Non avrei mai pensato, a distanza di tanti anni, di dovermi occupare ancora di Berlusconi.
Ne ho scritto parecchie volte, fin dal 1994, e credevo, veramente, che la sua epoca fosse finita.
Speravo che si fosse esaurito il suo mondo.
Evidentemente non è così.
C’è stato un periodo, in realtà, negli ultimi anni che sembrava finito.
Tra ricoveri e comparsate del professor Zangrillo pareva proprio che fosse arrivato nell’imminenza della fine: che, almeno, avesse definitivamente concluso il suo ciclo di politico attivo.
Macché!
L’attuale crisi politica, innescata da lui, ci ha riconsegnato un Berlusconi arzillo, prepotente e supponente come non mai.
Al punto da far pensare che le sue precedenti défaillances siano state architettate e orchestrate al solo fine di depotenziare la magistratura e impietosire l’opinione pubblica. (Risultato ottenuto con il sostegno e l’avallo del personale che si è preso cura di lui).
Fatto sta che lui già si vede seduto in Senato, che dico, nello scranno più alto del Senato, quello presidenziale: cosa che lo compenserebbe della mancata elezione a Presidente della Repubblica.
Ciò di cui sto parlando sembra un cattivo sogno, un incubo uscito dalla penna di un giallista, un’invenzione di cattivo gusto per turbare i sonni dei democratici.
E invece è tutto vero.
Dopo quasi 30 dalla sua prima vittoriosa calata in politica, è ancora tra noi, pimpante e determinato, pronto a prendersi per l’ennesima volta una consistente fetta di potere, sicuro di poter ancora imbonire e ingannare gli italiani.
Di tutto questo dobbiamo dire grazie anche al centro sinistra che ha avuto più di un’occasione per tarpargli le ali ma che non ha mai affondato il colpo.
Perché?
Per interesse?
Non so e non amo le dietrologie.
So solo che se Berlusconi è ancora in sella un motivo ci deve pur essere, un motivo che non si può spiegare solo con la sua brama di potere e di dominio o con i professoroni compiacenti ma anche con l’incapacità, l’inefficienza e l’ottusità dei suoi oppositori politici (non oso pensare ad eventuali complicità).

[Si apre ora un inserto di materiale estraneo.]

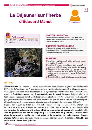 C’est l’été ! L’œuvre « Le déjeuner sur l’herbe » d’Edouard Manet que nous vous invitons à découvrir fait un clin d’œil à la saison, où il fait bon se dénuder un peu… Ce contenu permet dans un premier temps d’étudier cette œuvre avec un commentaire détaillé des figures qui composent le tableau dans la fiche animateur. Dans un second temps vous pouvez imprimer le tableau dans la version puzzle à reconstituer. Les différents éléments du tableau peuvent ensuite faire l’objet d’une exposition dans les lieux communs ou individuels.

Sia come sia ci troviamo ancora tra i piedi il personaggio che ha usato sfrontatamente la politica a fini personali.
Non solo.
È sceso in pista l’imprenditore che tutto vuole e tutto pretende.
È chiaro che Draghi, comunque lo si voglia giudicare, non era tipo da prestarsi ai suoi giochi, da sottomettersi ai suoi voleri, da realizzare i suoi piani.
Cosa che gli riuscirà agevolmente sia con Salvini che con Meloni: che dipendono in tutto e per tutto dai suoi media.
Non so se dovremo aspettare l’impietosa anagrafe per liberarci di lui.
Mi piacerebbe che ci pensassero, prima, gli italiani.
(Su quest’ultima ipotesi resto alquanto scettico. Mi piacerebbe molto essere smentito).